**Dataset items:**
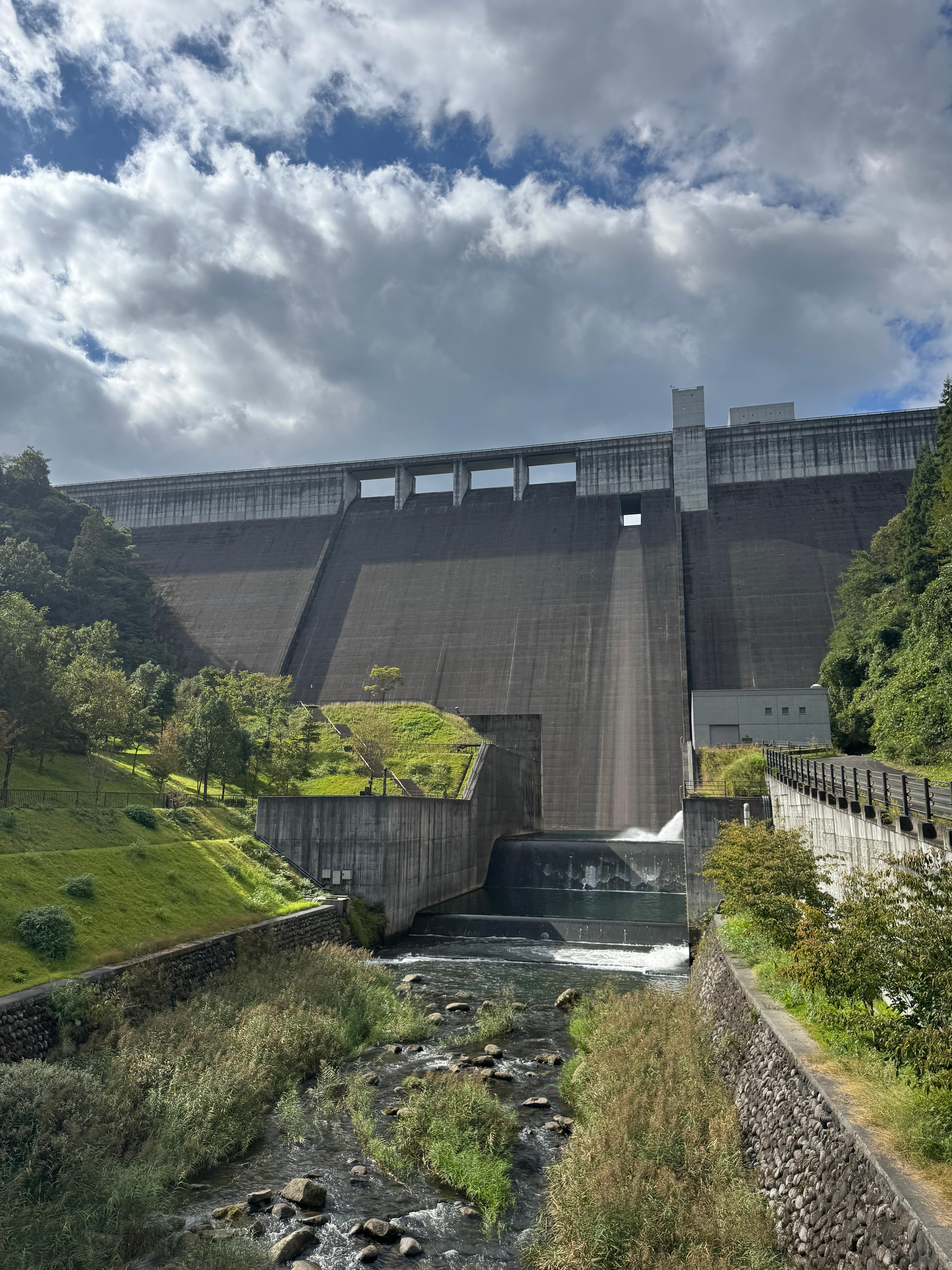 댐 밑의 공원 즘에서 본 댐의 모습이다. 진격의 거인을 본 사람들이라면 익숙한 장벽의 풍경이라고 한다.
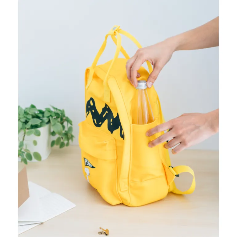 La Mochila Everyday Snoopy es un producto que destaca por su practicidad y su divertido diseño, que sin duda capturará la atención de los entusiastas de Snoopy. El diseño evoca al eterno jersey de Carlitos en las tiras de Peanuts, con su greca negra sobre un fondo amarillo.
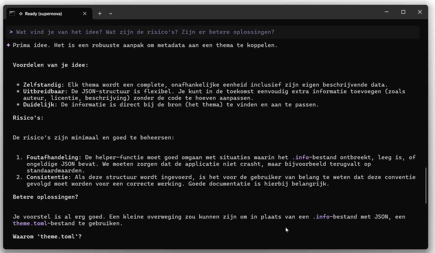 In discussie met Gemini. Ze geeft nuttige feedback op een idee van mij. Het gebruik van een theme.toml file is een goede suggestie, waar we nog verder over gaan praten.
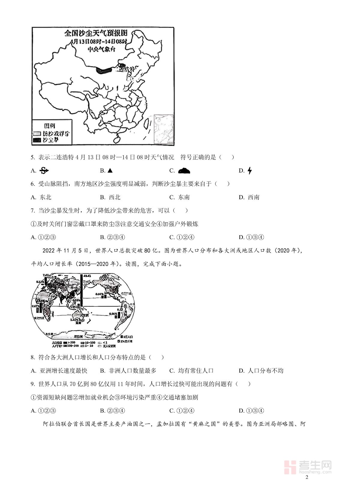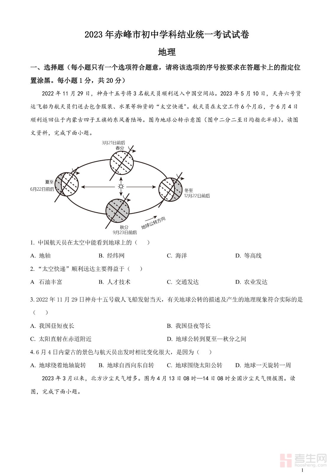 2023年内蒙古赤峰市中考地理真题(原卷版)
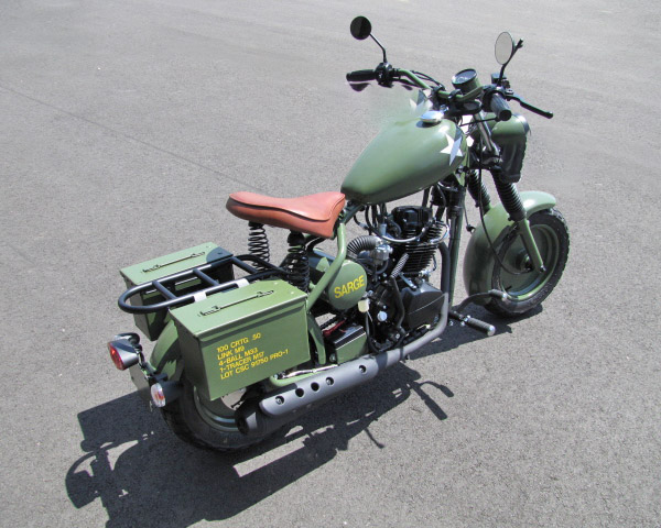 The Sarge had a lot of custom touches, including .50-cal ammo cans as saddlebags, a near complete dechroming, lovely OD green paint, brown leather seat, and more. It was a stunning motorcycle. My El Cheapo Bell helmet and its Army Air Corps livery completed the package. I found a stone wall somewhere in the hills above the CSC plant when the plant was at the La Verne airport, and that made for a nice backdrop. The Sarge photo at the top of this blog has always been one of my favorites.
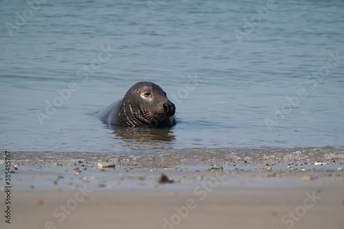 © Dasya - Dasya, Fototapeta premium One Grey Seal, Halichoerus grypus. Swimming in the sea with head above water
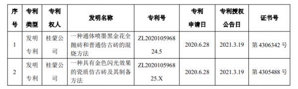 公告显示,公司控股子公司广西蒙娜丽莎新材料有 限公司于近日取得国家知识产权局颁发的发明专利证书 2 项,情况如下:
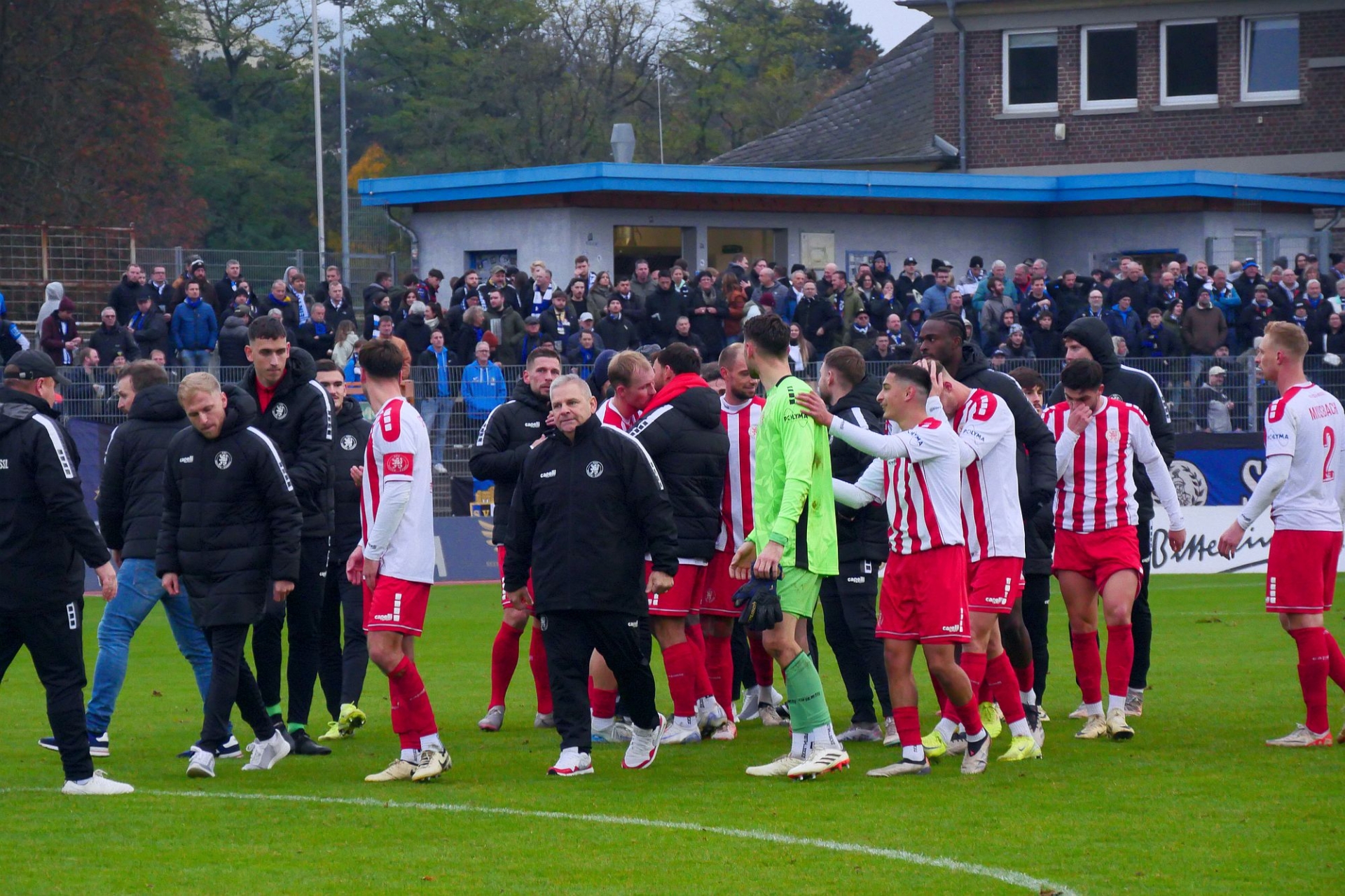 SV Eintracht Trier - KSV Hessen Kassel, Fanblock, Abklatschen
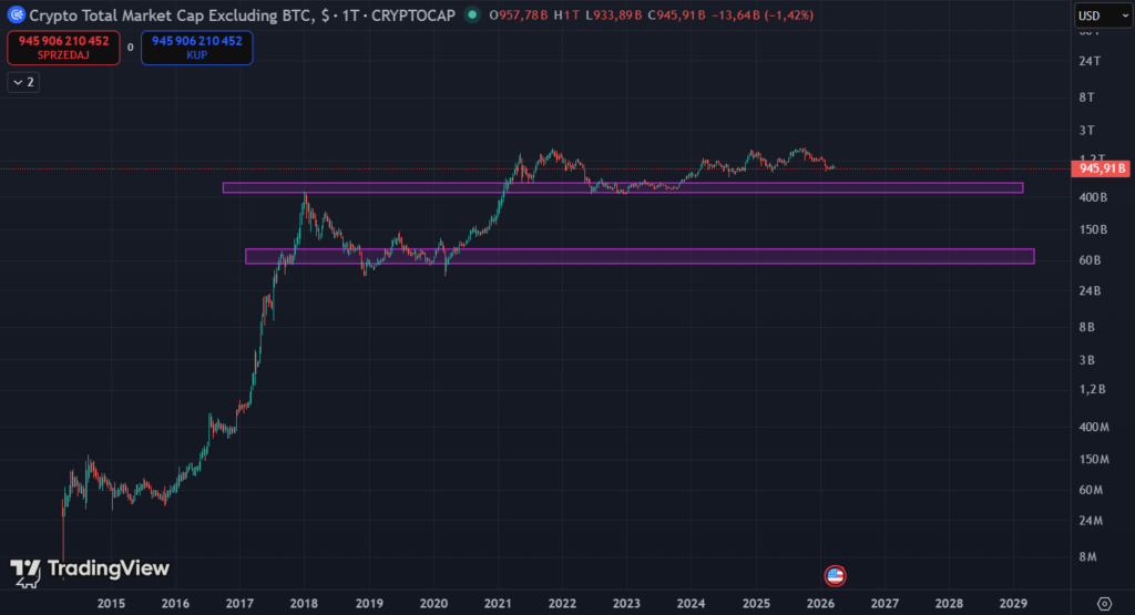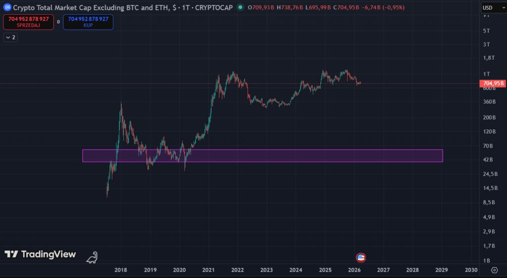Ten wykres idzie o krok dalej i wyklucza zarówno Bitcoina, jak i Ethereum. To najlepszy wskaźnik dla mniejszych projektów („small capów”). Tutaj również wyznaczyłem fioletową strefę zakupową w przedziale 42-70 mld USD, która historycznie stanowiła solidną bazę przed dużymi wzrostami.

**Task goal:**
Your answer must restate the entries word for word and contain no pictures.

**Output below:**
 댐 밑의 공원 즘에서 본 댐의 모습이다. 진격의 거인을 본 사람들이라면 익숙한 장벽의 풍경이라고 한다.
 La Mochila Everyday Snoopy es un producto que destaca por su practicidad y su divertido diseño, que sin duda capturará la atención de los entusiastas de Snoopy. El diseño evoca al eterno jersey de Carlitos en las tiras de Peanuts, con su greca negra sobre un fondo amarillo.
 In discussie met Gemini. Ze geeft nuttige feedback op een idee van mij. Het gebruik van een theme.toml file is een goede suggestie, waar we nog verder over gaan praten.
 2023年内蒙古赤峰市中考地理真题(原卷版)
 The Sarge had a lot of custom touches, including .50-cal ammo cans as saddlebags, a near complete dechroming, lovely OD green paint, brown leather seat, and more. It was a stunning motorcycle. My El Cheapo Bell helmet and its Army Air Corps livery completed the package. I found a stone wall somewhere in the hills above the CSC plant when the plant was at the La Verne airport, and that made for a nice backdrop. The Sarge photo at the top of this blog has always been one of my favorites.
 © Dasya - Dasya, Fototapeta premium One Grey Seal, Halichoerus grypus. Swimming in the sea with head above water
 公告显示,公司控股子公司广西蒙娜丽莎新材料有 限公司于近日取得国家知识产权局颁发的发明专利证书 2 项,情况如下:
 SV Eintracht Trier - KSV Hessen Kassel, Fanblock, Abklatschen
Ten wykres idzie o krok dalej i wyklucza zarówno Bitcoina, jak i Ethereum. To najlepszy wskaźnik dla mniejszych projektów („small capów”). Tutaj również wyznaczyłem fioletową strefę zakupową w przedziale 42-70 mld USD, która historycznie stanowiła solidną bazę przed dużymi wzrostami.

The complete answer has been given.